LA DIFFÉRENCIATION PÉDAGOGIQUE,
L. Legrand, Scarabée, CE ME A, 1986
NOTE DE LECTURE
Jean-François HALTE

École unique + diversité des populations = échec scolaire.


L'équation est-elle fatale ? Faut-il en finir avec l'école unique comme le préconisent
certains libéraux aujourd'hui ? L'hétérogénéité des publics est-elle responsable des maux
dont on accable l'école ?
Pour l'auteur de L'école unique : à quelles conditions (1), ce livre qui ouvre à la
pédagogie différenciée, l'Ecole unique, progressivement mise en place depuis 1959,
répond à des impératifs politique, moral et économique (p. 35). Elle seule est porteuse des
valeurs démocratiques de l'égalité des chances, elle seule peut satisfaire aux nécessités
d'une société technicienne de haut niveau " exigeant "des hommes capables de prendre des
décisions et non des individus seulement capables de tâches répétitives, (p. 35).

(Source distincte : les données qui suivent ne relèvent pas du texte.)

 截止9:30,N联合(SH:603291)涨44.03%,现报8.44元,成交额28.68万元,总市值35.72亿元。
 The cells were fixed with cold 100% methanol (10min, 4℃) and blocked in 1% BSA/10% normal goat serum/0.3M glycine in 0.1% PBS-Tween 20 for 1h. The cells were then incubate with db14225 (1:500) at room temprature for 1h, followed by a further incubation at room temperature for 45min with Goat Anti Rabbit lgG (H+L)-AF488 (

Tout retour à un système institutionnellement ségrégant (p. 12), que ce soit par le
biais d'une désectorisation, d'une "re"filiarisation en forts et faibles, ou encore, par la
remise en selle des bonnes-vieilles-méthodes-qui-ont-fait-leurs-preuves (p. 22) serait
régres if et en fait impossible.
C'est que l'équation est simpliste. La cause de l'indéniable malaise ne réside pas
dans le caractère d'unicité institutionnelle du système, -lequel, au demeurant, n'a pas
produit la catastrophique baisse de niveau à laquelle se réfèrent des chantres de toutes
obédiences - mais dans le fait que notre enseignement unifié continue à fonctionner comme
une machine à sélectionner en alignant la pédagogie et les programmes sur l'enseignement
secondaire "noble "inchangé (p. 33). C'est, en réalité, une pédagogie, abstraite, verbale,
traditionnelle... qui échoue.
Aussi, la réponse à apporter se développe-t-elle dans l'ordre du pédagogique : il
s'agit de promouvoir une différenciation de la pédagogie, adaptant les méthodes et les
cursus à la réalité des élèves enseignés (p. 37).

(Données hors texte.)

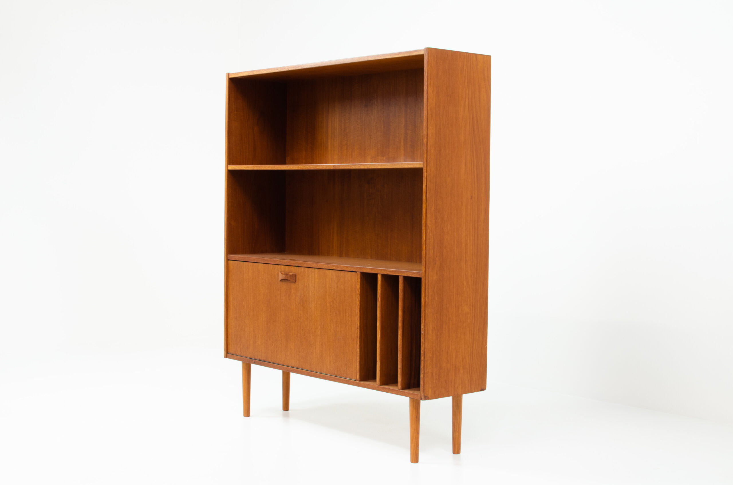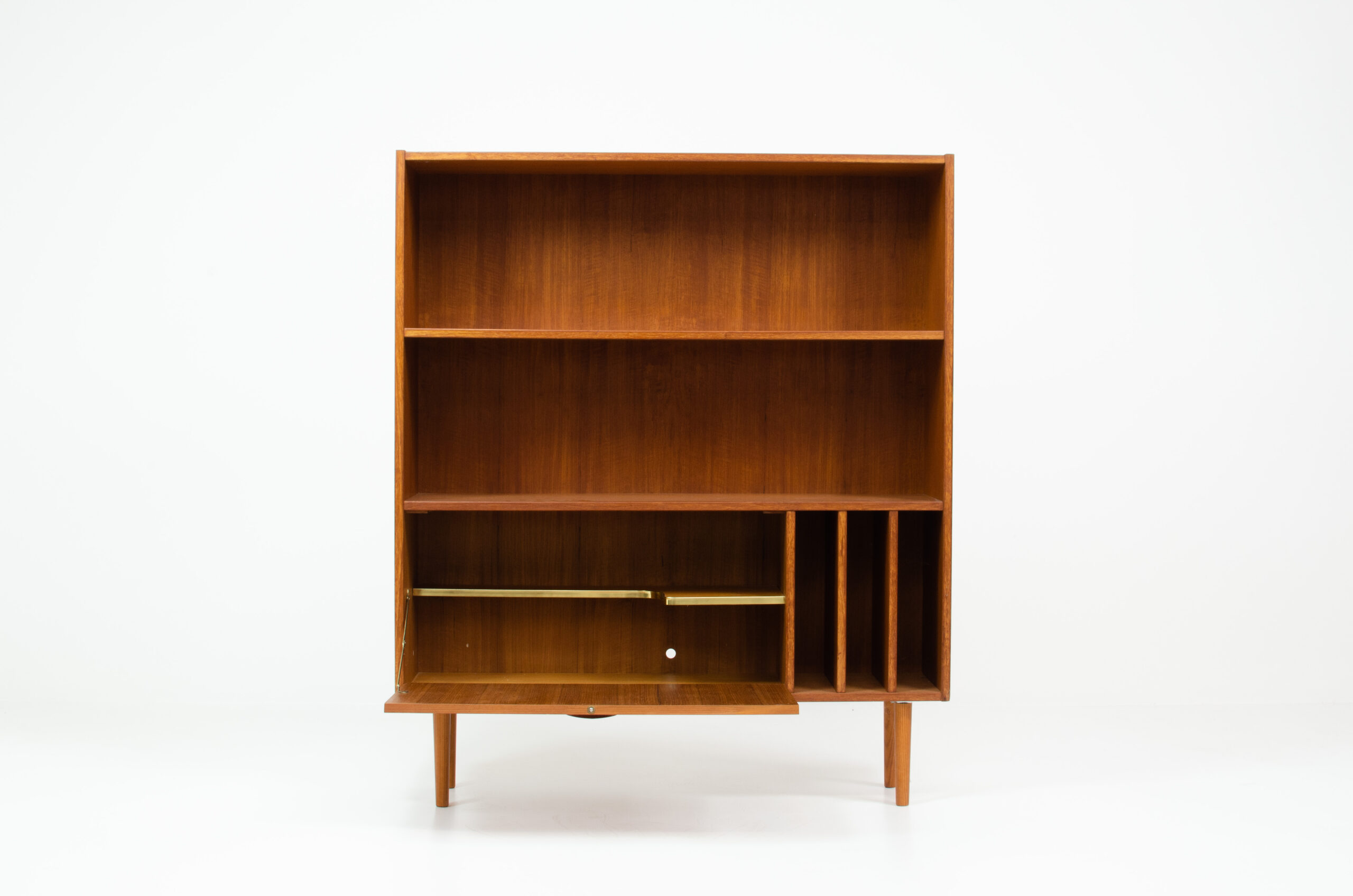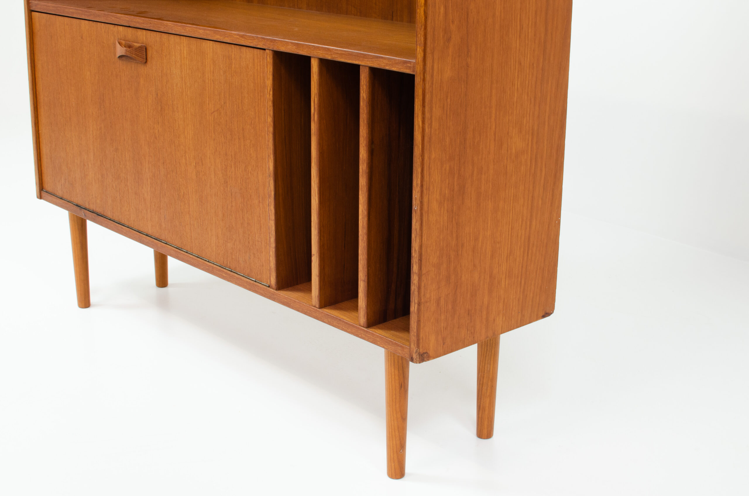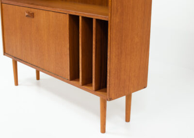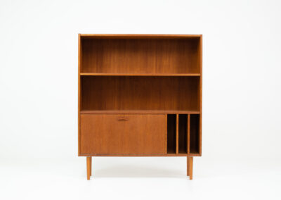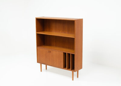 A convenient and multifunctional piece containing 2 bookshelves, a dropdown door with space for bottles and glasses and 3 record deviders.
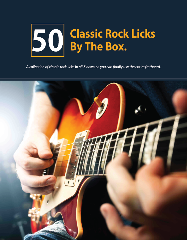I’m offering you a great chance to try my new 50 Classic Rock Licks By The Box so you can finally start using all of your guitar fretboard better, with 10 licks in each of the “5 Boxes.”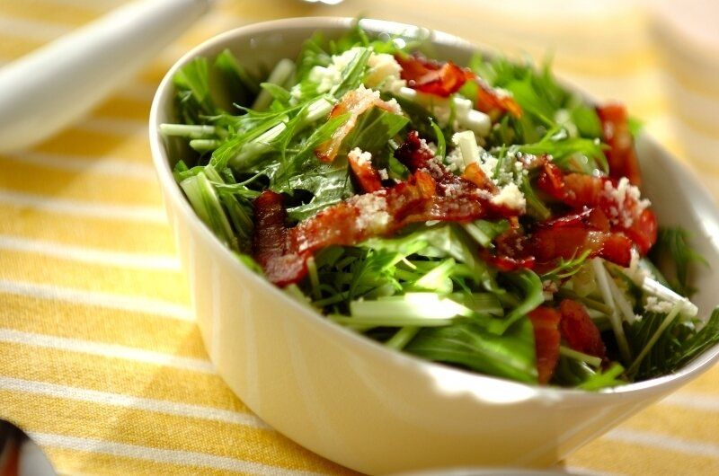 カリカリ食感のベーコンと水菜という、食感、相性ともにバッチリな組み合わせのサラダです。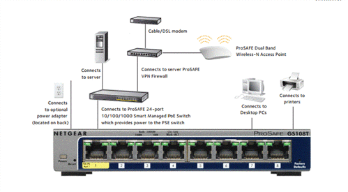 The GS108T provides cost-efficient solutions that enable SMB customers to better manage their network. Included are performance monitoring, port configuration, VLAN for traffic control, link aggregation for increased bandwidth, IGMP snooping for facilitating multicast applications, and Class of Service (CoS) for traffic prioritization.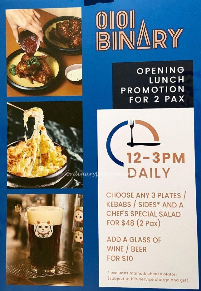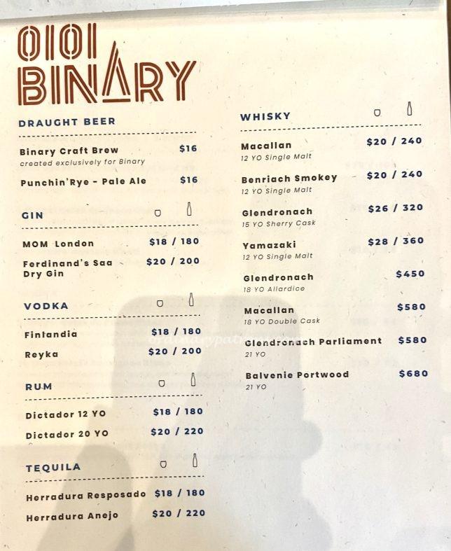 Here are pictures of the Binary food menu as well as part of the drinks menu. Binary has been described as a gastro-bar based on the concept of two in that it takes a binary approach to cuisine with each ingredient being offered in two ways : “… go East or go West as your palate brings you”.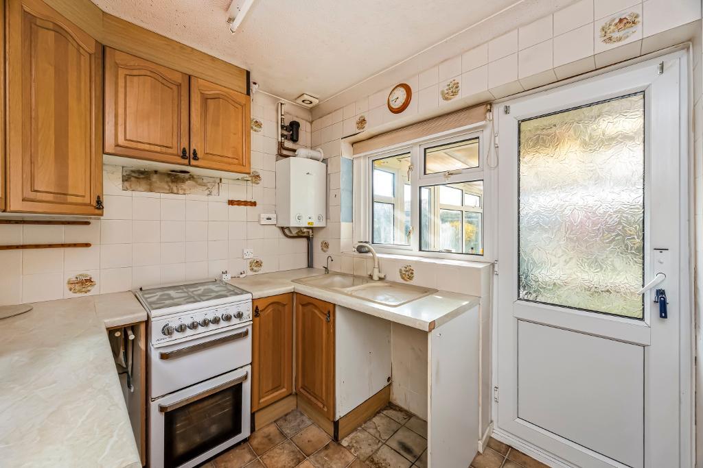 Kitchen - 9'10" x 7'3" (3.00m x 2.20m) Selection of Formica worktops. Sink unit. Matching cupboards and drawers. Wall units. Wall-mounted Worcester gas-fired boiler providing hot water and central heating. Space for appliances. Door to:

La psychologie différentielle et la psychologie génétique fournissent à la
différenciation pédagogique des bases scientifiques. On ne peut enseigner de la même manière
ceux dont l'intelligence est plus concrète et ceux qui sont plus portés à l'abstraction. De
telles oppositions enracinées dans les pratiques culturelles familiales, renvoient à des
manières de procéder. Elles ne hiérarchisent pas : l'étudiant ne procède pas comme l'apprenti,
mais l'apprenti peut être aussi intelligent que l'étudiant, (p. 63). Il est clair qu'un
enseignement tout entier dominé par le schéma étudiant reconnaît les siens et exclut les
autres, engendrant ainsi des pertes pour les deux types de population. Aller du simple au
complexe, c'est-à-dire de l'abstrait au concret, du conceptuel épuré aux choses empiriques
intriquées, laisse sur le sable ceux que leur style cognitif conduit à appréhender le réel de
façon globale. Il convient alors d'aménager des cheminements particuliers vers l'abstrait.

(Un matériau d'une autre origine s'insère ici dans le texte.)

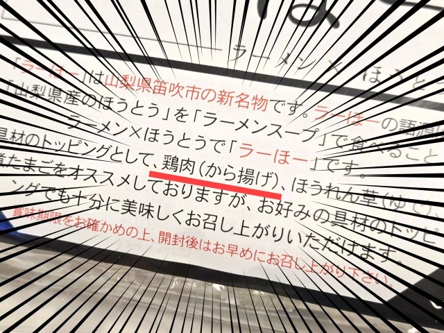スープの素と麺のみの構成なので、具材は自分で準備する必要がある。ラーメンの具材かほうとうの具材か、どちらが適切なのかわからないので、推奨されている具材を見てみると⋯⋯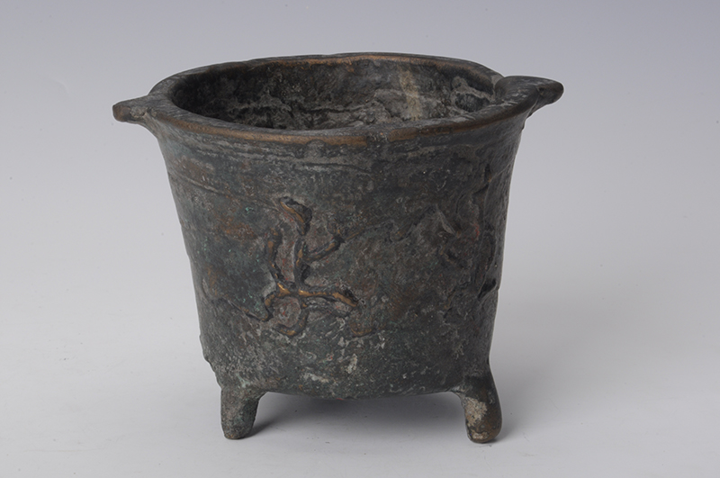 现代螭纹三足铜香炉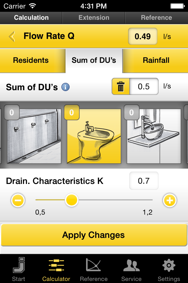 - selection list of common drainage fixtures (e.g. toilet, washbasin, etc.)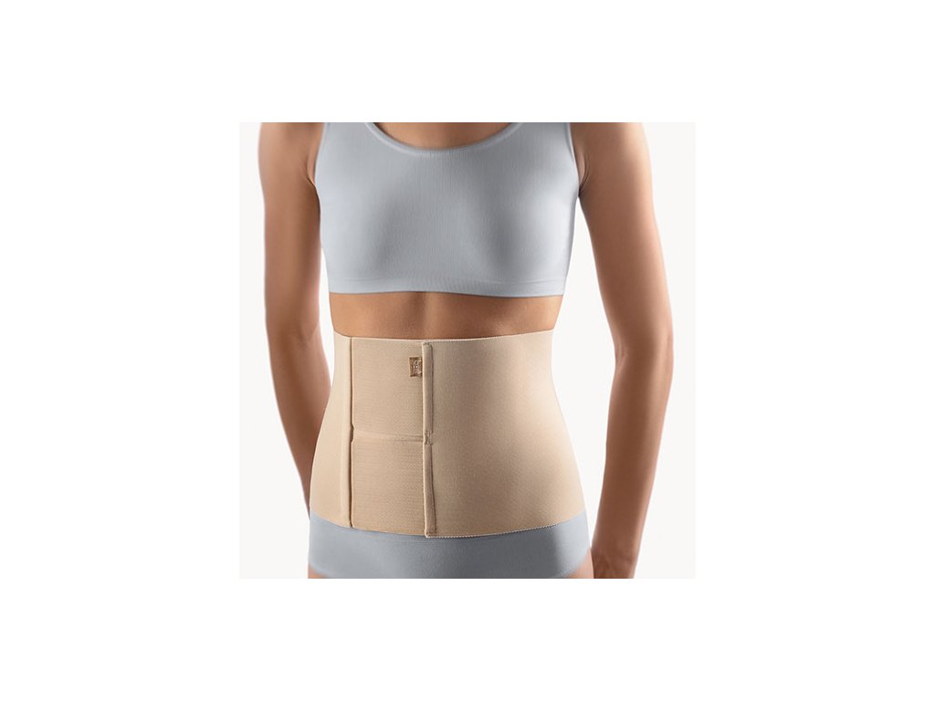 Široký dvoudílný suchý zip umožňuje přesné nastavení komprese dle individuální potřeby, čímž bandáž podporuje hojení, zpevňuje břišní stěnu a ulevuje při sníženém napětí pojivové tkáně, oslabení břišního svalstva nebo prolapsu.

La psychologie génétique piagétienne a pu montrer que 44 % des élèves de 6e en sont
encore au stade concret, que 50 %en sont au stade intermédiaire, et que 6 %seulement ont
atteint la pensée formelle (p. 77-78). L'immense majorité des élèves a besoin de
manipulations, de représentations schématiques, de tâtonnements inductifs. La didactique collective
classique - la méthode frontale et verbale interrogative -, affirme Louis Legrand, est
complètement inadaptée à la plupart des élèves de 11 à 14 ans " (p. 79).
(1) L'école unique: A quelles conditions? Louis Legrand, Scarabée, CÇMEA, 1981.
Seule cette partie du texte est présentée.